Collected data
━━━━━━━━━━━━━━━━━━━━
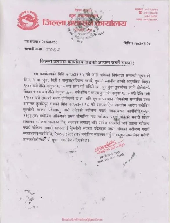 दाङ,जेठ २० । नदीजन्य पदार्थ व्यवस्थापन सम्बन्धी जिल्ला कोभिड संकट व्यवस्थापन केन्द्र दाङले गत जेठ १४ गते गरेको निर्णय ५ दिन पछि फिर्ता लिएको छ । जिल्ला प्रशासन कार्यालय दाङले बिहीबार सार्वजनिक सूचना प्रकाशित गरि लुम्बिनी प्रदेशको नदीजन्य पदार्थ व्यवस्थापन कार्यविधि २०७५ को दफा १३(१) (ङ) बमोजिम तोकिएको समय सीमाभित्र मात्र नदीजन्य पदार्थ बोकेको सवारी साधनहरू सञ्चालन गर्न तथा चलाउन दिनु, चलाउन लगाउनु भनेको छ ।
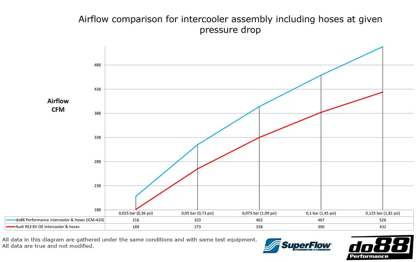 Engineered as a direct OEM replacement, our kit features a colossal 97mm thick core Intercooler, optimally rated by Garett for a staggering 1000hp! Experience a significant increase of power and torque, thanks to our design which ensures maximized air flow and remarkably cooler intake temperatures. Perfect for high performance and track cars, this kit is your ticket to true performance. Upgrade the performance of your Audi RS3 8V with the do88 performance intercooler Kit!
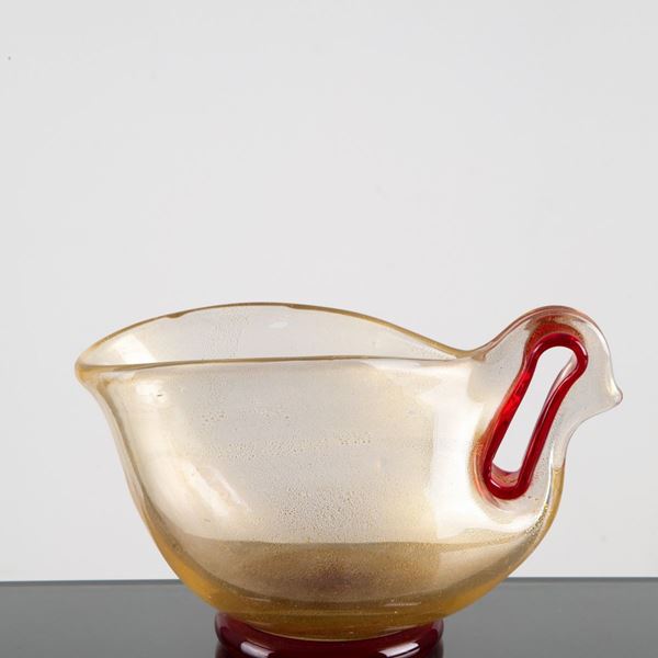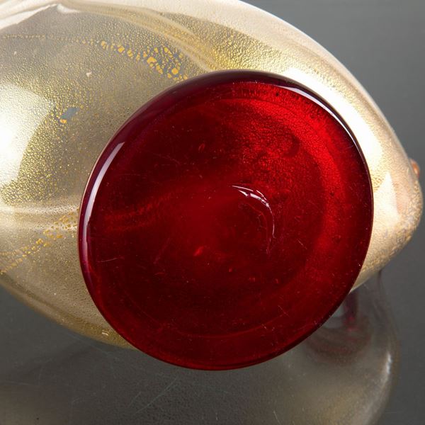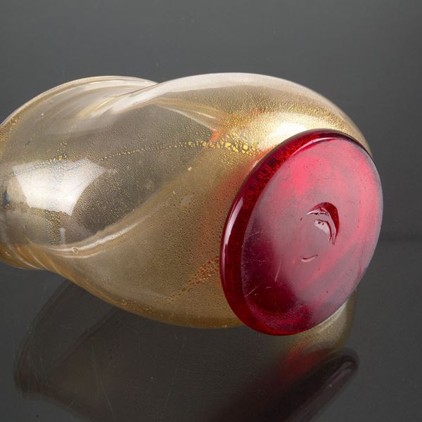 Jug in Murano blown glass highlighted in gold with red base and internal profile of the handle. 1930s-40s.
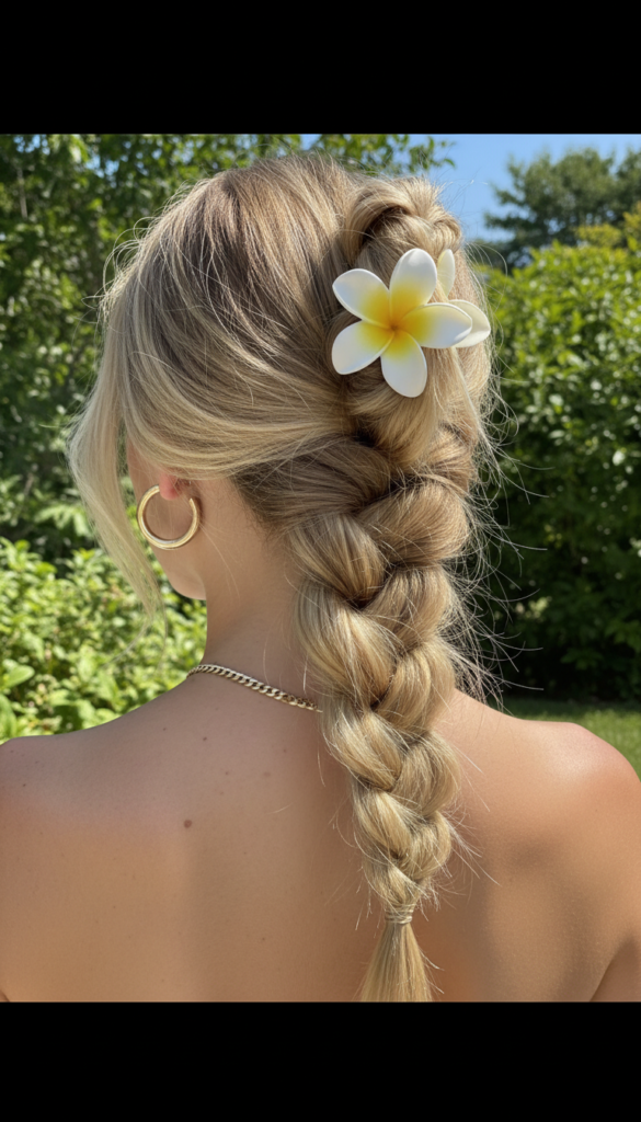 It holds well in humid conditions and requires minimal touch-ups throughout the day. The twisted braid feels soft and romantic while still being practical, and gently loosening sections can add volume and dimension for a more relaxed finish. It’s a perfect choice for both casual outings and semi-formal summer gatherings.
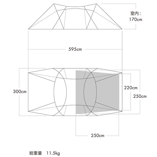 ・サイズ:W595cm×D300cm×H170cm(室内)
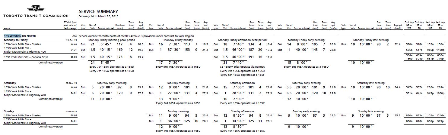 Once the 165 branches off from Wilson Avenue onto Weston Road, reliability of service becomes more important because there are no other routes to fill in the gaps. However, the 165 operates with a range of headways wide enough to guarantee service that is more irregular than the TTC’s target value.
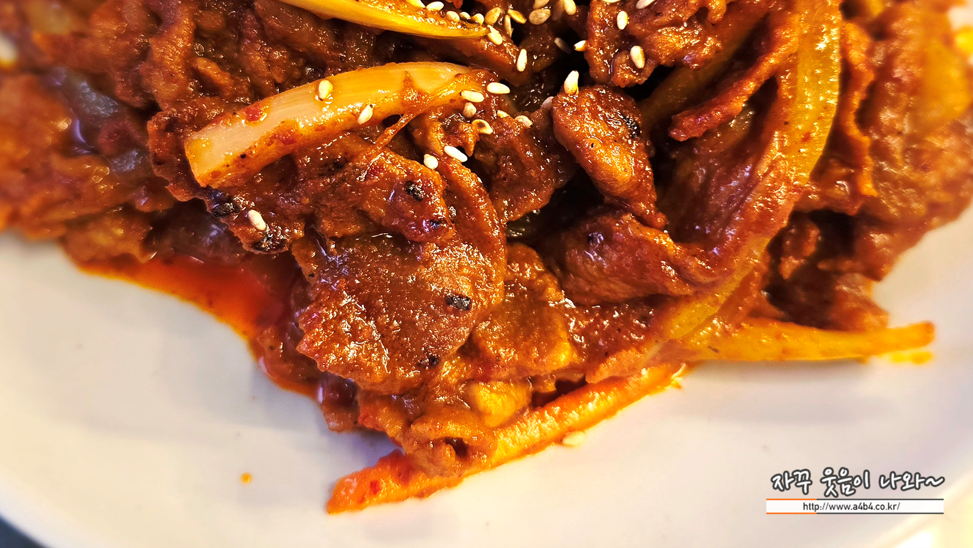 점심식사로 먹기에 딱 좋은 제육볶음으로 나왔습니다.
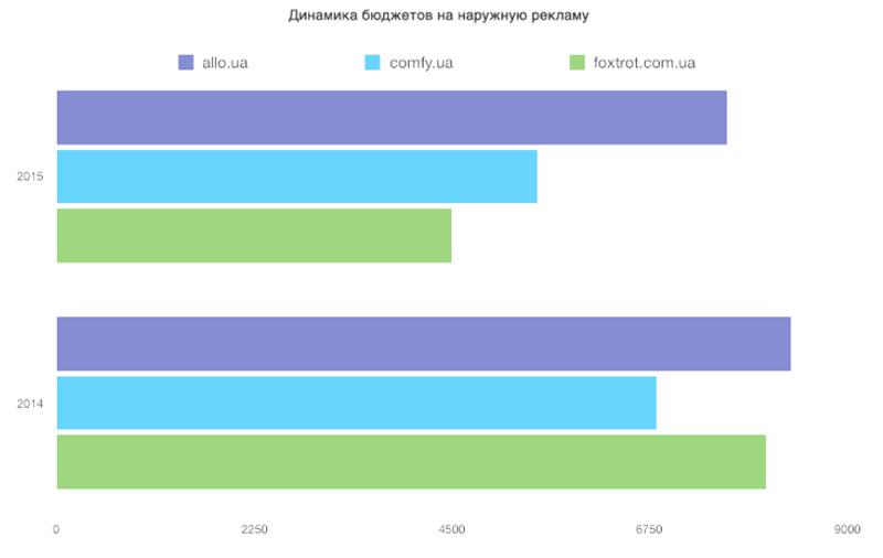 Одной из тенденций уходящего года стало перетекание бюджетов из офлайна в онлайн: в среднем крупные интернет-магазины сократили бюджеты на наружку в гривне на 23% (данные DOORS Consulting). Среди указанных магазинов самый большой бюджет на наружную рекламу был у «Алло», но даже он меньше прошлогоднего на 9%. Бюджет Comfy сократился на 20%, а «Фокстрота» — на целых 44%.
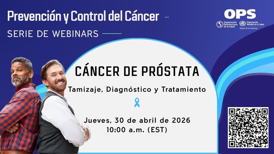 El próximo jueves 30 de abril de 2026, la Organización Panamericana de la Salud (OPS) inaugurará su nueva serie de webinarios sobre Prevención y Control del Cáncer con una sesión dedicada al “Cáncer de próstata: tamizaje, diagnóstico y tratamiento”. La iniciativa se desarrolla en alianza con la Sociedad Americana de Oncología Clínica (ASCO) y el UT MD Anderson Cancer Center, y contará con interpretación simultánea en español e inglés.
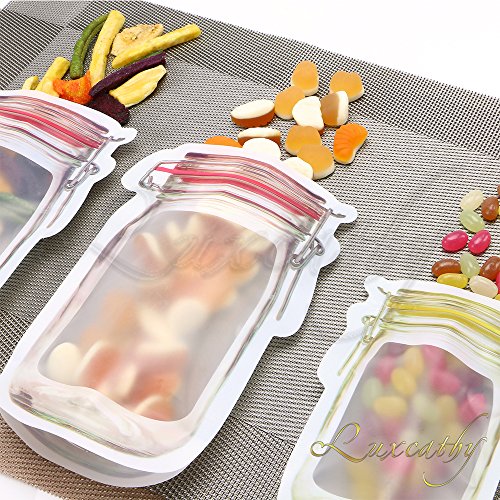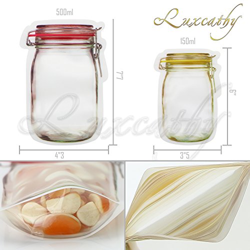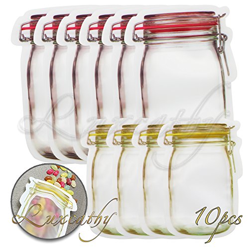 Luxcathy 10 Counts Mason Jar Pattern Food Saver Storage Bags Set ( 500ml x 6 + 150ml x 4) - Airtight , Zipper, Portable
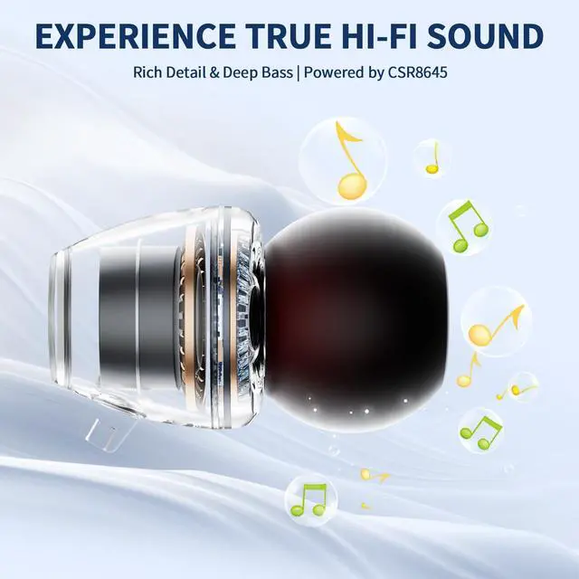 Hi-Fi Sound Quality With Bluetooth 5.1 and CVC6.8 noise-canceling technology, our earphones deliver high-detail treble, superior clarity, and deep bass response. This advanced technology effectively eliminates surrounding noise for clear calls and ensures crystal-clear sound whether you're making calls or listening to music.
━━━━━━━━━━━━━━━━━━━━
◆ **Work required**
From the first line to the last, output the data exactly, without the pictures.

◆ **Response below**
 दाङ,जेठ २० । नदीजन्य पदार्थ व्यवस्थापन सम्बन्धी जिल्ला कोभिड संकट व्यवस्थापन केन्द्र दाङले गत जेठ १४ गते गरेको निर्णय ५ दिन पछि फिर्ता लिएको छ । जिल्ला प्रशासन कार्यालय दाङले बिहीबार सार्वजनिक सूचना प्रकाशित गरि लुम्बिनी प्रदेशको नदीजन्य पदार्थ व्यवस्थापन कार्यविधि २०७५ को दफा १३(१) (ङ) बमोजिम तोकिएको समय सीमाभित्र मात्र नदीजन्य पदार्थ बोकेको सवारी साधनहरू सञ्चालन गर्न तथा चलाउन दिनु, चलाउन लगाउनु भनेको छ ।
 Engineered as a direct OEM replacement, our kit features a colossal 97mm thick core Intercooler, optimally rated by Garett for a staggering 1000hp! Experience a significant increase of power and torque, thanks to our design which ensures maximized air flow and remarkably cooler intake temperatures. Perfect for high performance and track cars, this kit is your ticket to true performance. Upgrade the performance of your Audi RS3 8V with the do88 performance intercooler Kit!
 Jug in Murano blown glass highlighted in gold with red base and internal profile of the handle. 1930s-40s.
 It holds well in humid conditions and requires minimal touch-ups throughout the day. The twisted braid feels soft and romantic while still being practical, and gently loosening sections can add volume and dimension for a more relaxed finish. It’s a perfect choice for both casual outings and semi-formal summer gatherings.
 ・サイズ:W595cm×D300cm×H170cm(室内)
 Once the 165 branches off from Wilson Avenue onto Weston Road, reliability of service becomes more important because there are no other routes to fill in the gaps. However, the 165 operates with a range of headways wide enough to guarantee service that is more irregular than the TTC’s target value.
 점심식사로 먹기에 딱 좋은 제육볶음으로 나왔습니다.
 Одной из тенденций уходящего года стало перетекание бюджетов из офлайна в онлайн: в среднем крупные интернет-магазины сократили бюджеты на наружку в гривне на 23% (данные DOORS Consulting). Среди указанных магазинов самый большой бюджет на наружную рекламу был у «Алло», но даже он меньше прошлогоднего на 9%. Бюджет Comfy сократился на 20%, а «Фокстрота» — на целых 44%.
 El próximo jueves 30 de abril de 2026, la Organización Panamericana de la Salud (OPS) inaugurará su nueva serie de webinarios sobre Prevención y Control del Cáncer con una sesión dedicada al “Cáncer de próstata: tamizaje, diagnóstico y tratamiento”. La iniciativa se desarrolla en alianza con la Sociedad Americana de Oncología Clínica (ASCO) y el UT MD Anderson Cancer Center, y contará con interpretación simultánea en español e inglés.
 Luxcathy 10 Counts Mason Jar Pattern Food Saver Storage Bags Set ( 500ml x 6 + 150ml x 4) - Airtight , Zipper, Portable
 Hi-Fi Sound Quality With Bluetooth 5.1 and CVC6.8 noise-canceling technology, our earphones deliver high-detail treble, superior clarity, and deep bass response. This advanced technology effectively eliminates surrounding noise for clear calls and ensures crystal-clear sound whether you're making calls or listening to music.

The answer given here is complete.